Домой доезжаю в максимально короткие сроки, сейчас на количество нарушений ***. Залетаю домой. Миша посапывает в колыбельке, Еор рядом приглядывает.
— Мама стирку ставить пошла, — поясняет. Где — то я уже это слышал.
— Давно? — спрашиваю, сам же боюсь услышать ответ.
Егор отрывается от телефона, смотрит на меня, затем на часы.
— Да уже вроде давно, вещей грязных много, наверно, — пожимает плечами и снова в телефон залипает.
Ладони резко потеют. Поднимаюсь наверх, мысленно прося о том, чтобы она меня выслушала, гормоны то шалят ого — го, да и повод. Я бы свихнулся, увидь такое.
Нахожу её в ванной. Стоит, облокотившись на раковину, разглядываю её лицо через отражение в зеркале. Вид немного потерянный, слёз не наблюдаю, уже хорошо.

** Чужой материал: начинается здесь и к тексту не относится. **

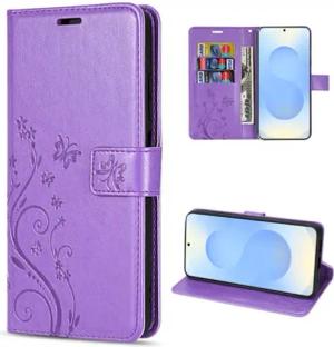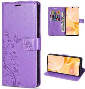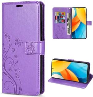 Handyhülle kompatibel mit ZTE Blade V60 Vita | Premium PU Leder Handy Hülle Wallet Case | Schutzhülle Blumen Klapphülle | Lila

Может она ещё телефон в руки не брала?
— Я не верю в то, что ты мог так со мной поступить, — разбивает мою надежду. Голос дрожит, вместе с ним дрожат мои внутренности.
Мозги в дробилку попали. Страшно с чего — то начать.
Ия резко ко мне оборачиваются, подхватывая с полки лист. Свидетельством о расторжении брака быть он не может, не так быстро, но первая мысль именно такая.